*BRIEF*
Everything in the records below from the line containing "Преподаватели Центра являются" through the line containing "One 1899 $1" is to be reproduced exactly, those two lines included; no picture is to be copied.

*EXTRACTED RECORDS*
---

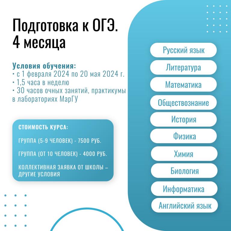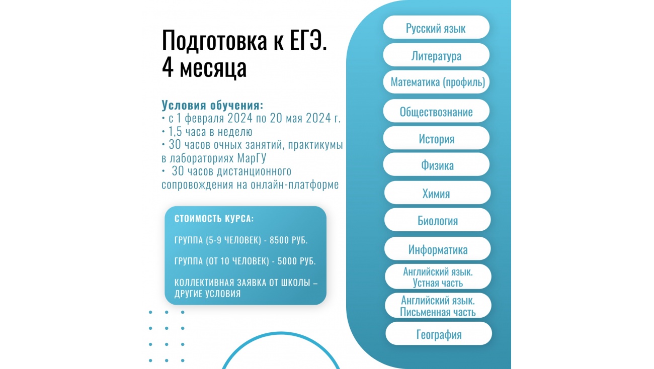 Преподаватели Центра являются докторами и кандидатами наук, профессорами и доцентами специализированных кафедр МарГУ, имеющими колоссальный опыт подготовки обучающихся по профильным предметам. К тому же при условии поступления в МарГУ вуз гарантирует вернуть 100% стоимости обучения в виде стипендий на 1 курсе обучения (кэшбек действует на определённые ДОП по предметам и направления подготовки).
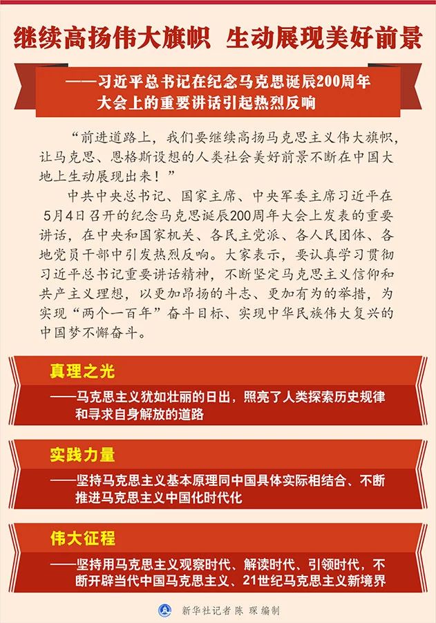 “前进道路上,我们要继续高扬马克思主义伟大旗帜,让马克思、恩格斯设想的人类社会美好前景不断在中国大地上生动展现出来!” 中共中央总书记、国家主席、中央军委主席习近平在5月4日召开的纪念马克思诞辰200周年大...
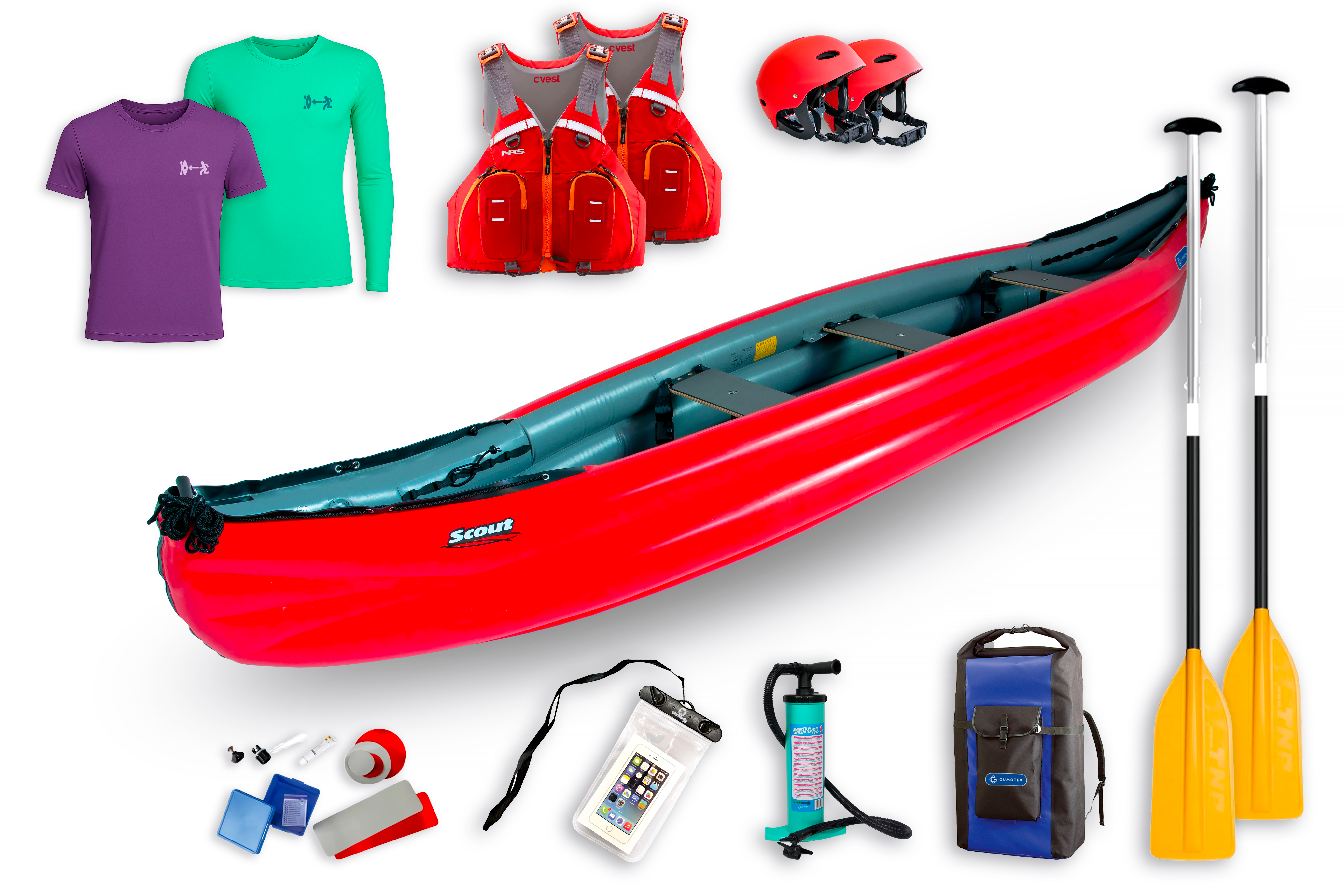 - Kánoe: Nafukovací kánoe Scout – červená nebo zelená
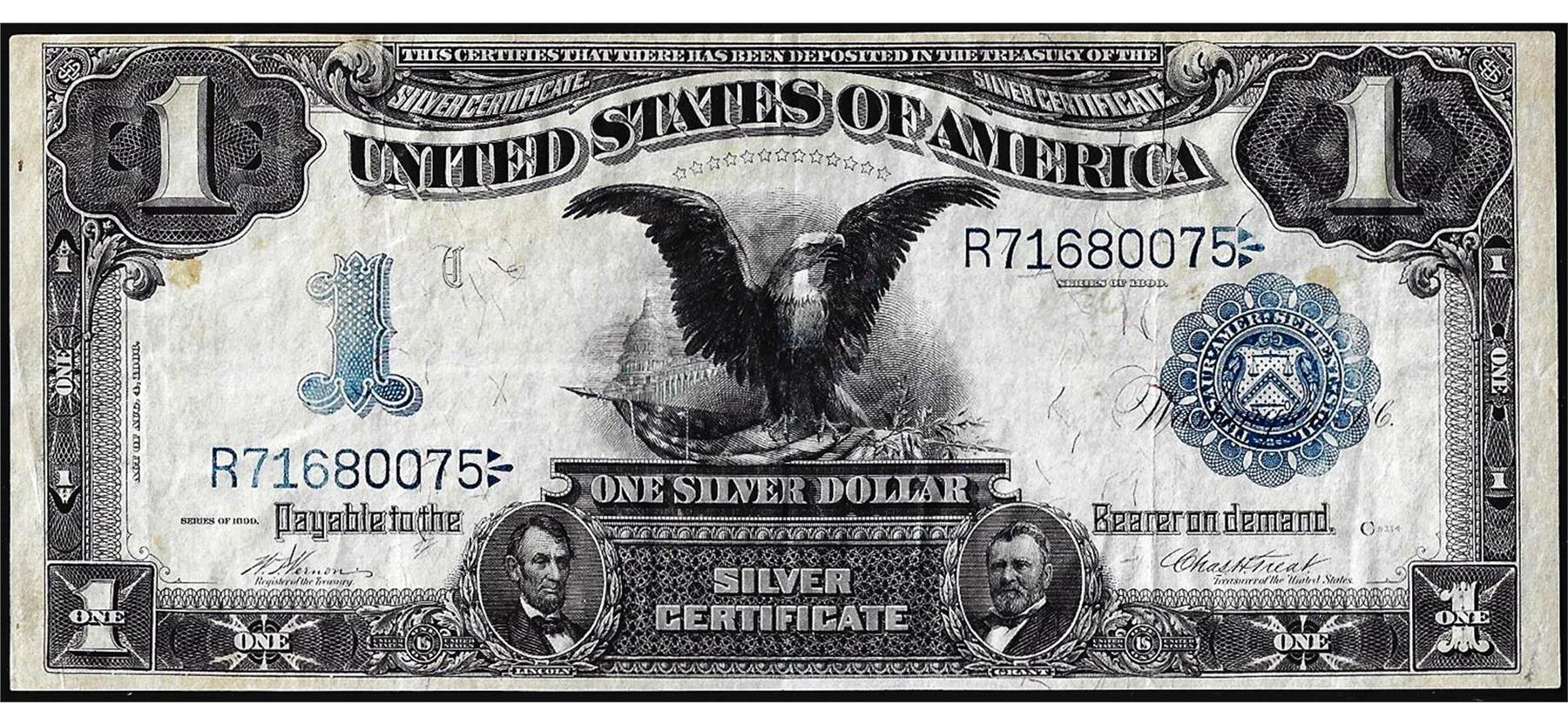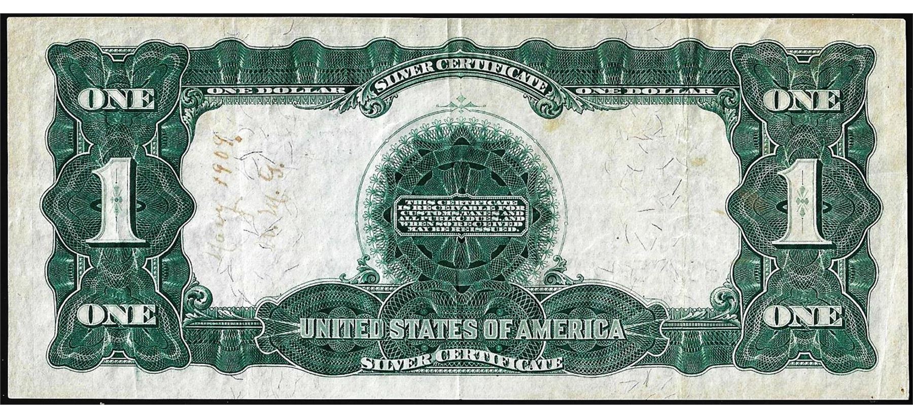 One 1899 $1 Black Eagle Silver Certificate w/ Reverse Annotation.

---

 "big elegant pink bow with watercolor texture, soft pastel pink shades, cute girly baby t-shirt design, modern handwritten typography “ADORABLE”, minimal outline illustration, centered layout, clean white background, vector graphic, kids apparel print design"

---

*FINISHED EXERCISE*
 Преподаватели Центра являются докторами и кандидатами наук, профессорами и доцентами специализированных кафедр МарГУ, имеющими колоссальный опыт подготовки обучающихся по профильным предметам. К тому же при условии поступления в МарГУ вуз гарантирует вернуть 100% стоимости обучения в виде стипендий на 1 курсе обучения (кэшбек действует на определённые ДОП по предметам и направления подготовки).
 “前进道路上,我们要继续高扬马克思主义伟大旗帜,让马克思、恩格斯设想的人类社会美好前景不断在中国大地上生动展现出来!” 中共中央总书记、国家主席、中央军委主席习近平在5月4日召开的纪念马克思诞辰200周年大...
 - Kánoe: Nafukovací kánoe Scout – červená nebo zelená
 One 1899 $1 Black Eagle Silver Certificate w/ Reverse Annotation.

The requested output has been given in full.